Mr. Curious and Tampax Flight 309

Fireworks Boy

Okay, so tonight was weird. Well, actually it was NORMAL for Mr. Curious, a certain creative genius who resides at our house who has yet to be discovered for the beautiful mind that he is.

Here’s how it all went down: I made fish and parmesan couscous for dinner. The couscous was the only carb I could find since my health-conscious, vegetables-to-the-max daughter returned from overseas and eradicated all traces of sugar, wheat, flour, pasta, and various other delicious things faster than Napalm gives you a sunburn.   We had watermelon and pineapple as our sides and greenbeans and a vegetable medley.   My 8 year old son was stalling this culinary experience by saying he “had to go to the bathroom.”

Translation: Anything could be happening up there.

As my husband and I finished the last of our quiet dinner, I heard him tromp down the stairs as he exclaimed, “MOM!!! Look what I found in (name withheld of specific sister’s) bathroom!!!”

The usual precursory worry looks were exchanged by my husband and me. She’s of legal age, so I figured it could be anything, and at this point in life, really nothing would shock me, except that it did.

“LOOK! What is this?!?!?!?!” Mr. Curious demanded.

And that’s when we saw the item in question. It was a TAMPON. Yes! A tampon!

Only recently did I finally have “the talk” with Mr. Curious. That’s because he learned some colorful words on the bus and started using them not knowing what he was talking about. Sigh. That’s another story. But even though we had “the talk”, it was not accompanied by visuals detailing just how different women are and why. I had not specifically gone over the chapter of “things necessary to being female” yet. And since Mr. Curious lives in our house, generally we keep things of a private nature secure, like guarding the gold at Fort Knox.
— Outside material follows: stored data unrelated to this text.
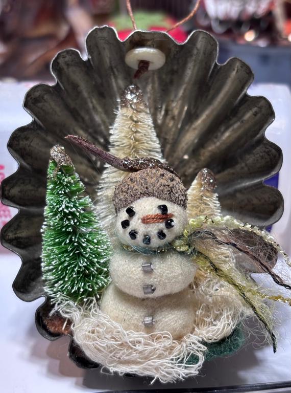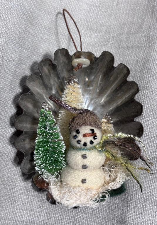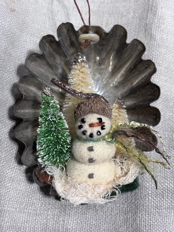 My first offering is this vintage little tin, with a lovely old patina, that I’ve used to create an ornament out of it. I have sewn the snowman onto several pieces of fabric including either wool, lace and/or cheese cloth. Then I’ve glued everything down into the bottom of the tin. Using waxed linen I tied a knot thru a small button, then drilled a hole thru the top of the tin to pull the waxed linen loop thru it and glued the button to the top of the tin to be able to hang the ornament. The snowman is all handsewn out of wool, stuffed to make into balls, attached to each other and then added small vintage glass beads for eyes and buttons. He has an acorn cap and I’ve also glued in some sisal trees in the tin as well. The snowman is 1 1/2” tall, the tin is 3 1/2” tall by 2 1/2” wide. If you have any questions please ask. Kindly asking $38 plus $5 for shipping. Thank you so much.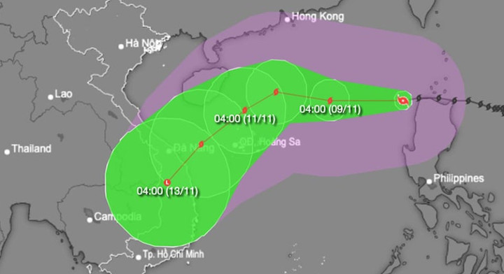 Khoảng 4h ngày 10/11, bão cách quần đảo Hoàng Sa khoảng 330km về phía Bắc Đông Bắc, đổi hướng Tây Tây Bắc, tốc độ khoảng 10-15km/h, suy yếu dần. Sức gió mạnh nhất vùng gần tâm bão mạnh cấp 12-13, giật cấp 16.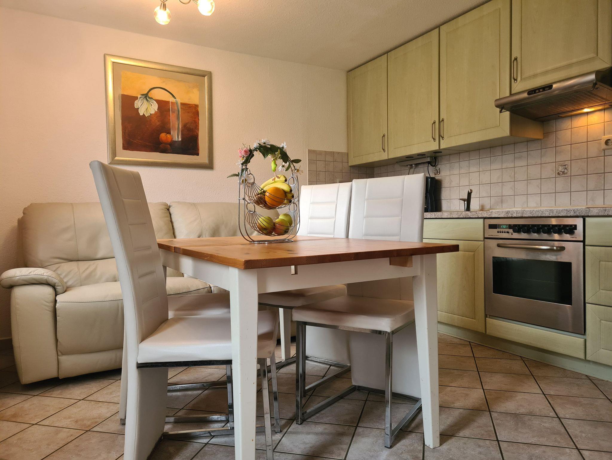 Erdgeschoß: Wohnküche (Sat-TV, Radio), Küchenzeile (E-Herd, Backofen, Mikrowelle, Kaffeemaschine, Toaster, Wasserkocher, Kühl/Gefrierschrank, Geschirrspüler). Kleines Duschbad/WC. Fußbodenheizung.

“HOLD UP A MINUTE! PLEASE TELL ME YOU DIDN’T GET THAT OUT OF THE TRASH CAN!” I shrieked as my husband started laughing and then I did too.

Thank heavens, it was how can I say this delicately, still in mint condition. Again–thankfully!!
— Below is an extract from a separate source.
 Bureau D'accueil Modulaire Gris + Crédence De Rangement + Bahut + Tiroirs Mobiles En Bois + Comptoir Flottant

“Can we light it and launch it Dad?” pleaded Mr. Curious as he pulled out a box of camping matches he already had in the other hand.

“Well, we could son, but it won’t really go anywhere, because it doesn’t have any gunpowder in it.”

And that’s when it hit me! Why didn’t I think of that? Why am I not the one who invented the Rocket Tampon? That way when I’m really ticked off and PMSing super bad, I can make my feelings be known at an even faster, much more efficient rate of speed. Say 500 wpm as opposed to 120 wpm.

Perhaps we could obtain world peace once and for all if we fired rocket tampons instead of bullets! It’s the rare courageous man who can actually purchase a box of said cellophane-wrapped cotton rockets for the women in their lives. Can you imagine how quick our nation’s enemies would retreat if under fire by thousands of these little boogers? With the proper Iron Lady in charge, perhaps we actually could see peace in our time.

As my mind contemplated these things, my son made his 5th request, “Come on, let’s go LIGHT it!” It didn’t matter that we told him it would not launch; he remained undeterred. He had to see for himself.

“Someday, he’s going to burn this house down,” my husband said matter of factly, “he has that urge to burn things.”

“It’s possible,” I said. I thought of the story he told me of when he was a kid and and burned most of his neighbor’s front yard playing with gasoline and matches and realized genetically the nut really doesn’t fall all that far from the tree.

I thought of how every time we go camping with the our scouting den, most of the boys simply can not resist testing all of nature’s elements in fire, figuring out which items burn slowly, which burn quickly, which crackle, which cause sparks, and most blissfully: items acknowledged as things that could be truly dangerous, warranting a parental intervention in order to preserve the woods for the next group of campers.

Playing with fire. It’s a universal boyhood desire of curiosity, that we adults are often quick to extinguish.

“Quick! It’s time to watch the Grand Finale!” our pyrogynotechnician informed us beside a micro pile of spent match sticks.

In the end, Mr. Curious’s plastic coated cotton rocket launch of Tampax Flight 309 could only be qualified as a 100% failure by NASA standards. But that doesn’t mean science did not happen tonight. It did. (Cotton turns black when burned, but is not a good source of fuel. Plastic melts. ) But something bigger happened as well.

We all laughed. We hypothesized and made observations. The cats and the dog joined in on the deck, totally unaware of what strange people they’ve had the unique fortune of being adopted by. And out in space, perhaps the man in the moon may be looking down at a little boy on our deck under a warm July sky with crickets chirping in the back yard and see the possibility of the next astronaut.